Another thing I learned is many site owners really have no idea what’s going on on their sites. They know about a handful of pages, but by and large they really don’t have a full understanding of what pages are on their sites. I didn’t find any hidden spam but on the 6 sites I worked on all of them had old pages that were linked to from somewhere and had either duplicate, outdated or missing information. For example if the information was originally on example.com/page-1.htm and a significant update was made the information it was then put on example.com/page-2.htm . However what invariably happened was a few dangling links existed to page-1.htm and it stayed in the index. If it’s an update keep it on the same page if at all possible.

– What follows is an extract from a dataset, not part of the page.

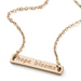 Enjoy wearing a reminder of your faith every day with this pretty gold metal necklace with an inscription on the horizontal bar pendant. The lovely necklace bearing an inspirational message makes a sweet present for a friend's birthday or a lovely gift for a religious event—like a daughter's First Communion. The inscribed bar pendant necklace comes in a gift box for easy wrapping and makes a great choice for a family member or friend.

If not delete the old page (keep a backup offline) and 301 the old page to the new page. If it’s for an annual event build a date into the URL structure like:

example.com/event/2005/
example.com/event/2006/

For the shopping cart site I had to roll up my sleeves and get into some programming. First I blocked the robots from the entire dynamic shopping cart structure. I then wrote some programming to generate a flat friendly URL structure for each of the departments and products. In addition I wrote a script to automatically generate a new XML sitemap with links to each of the departments and products, and send a ping to Google. I wouldn’t consider these doorway pages per se as they are perfectly readable for human visitors. I’d consider them teaser or jump pages leading directly to the products. (note: Some of you might ask why not use javascript to bring them directly to the product page instead of adding a page/click. While that would work it’s a little too iffy on the ‘sneaky redirects’ and ‘cloaking’ for an otherwise clean client website.)

For heavily/frequently crawled sites you may get feedback sooner, but I’ve found it takes 2-4 weeks from when you start moving pages around for the new sitemaps data to start to show up. So go out and do of all of the changes at once, ping sitemaps, wait and then check back to see what’s changed, and make adjustments.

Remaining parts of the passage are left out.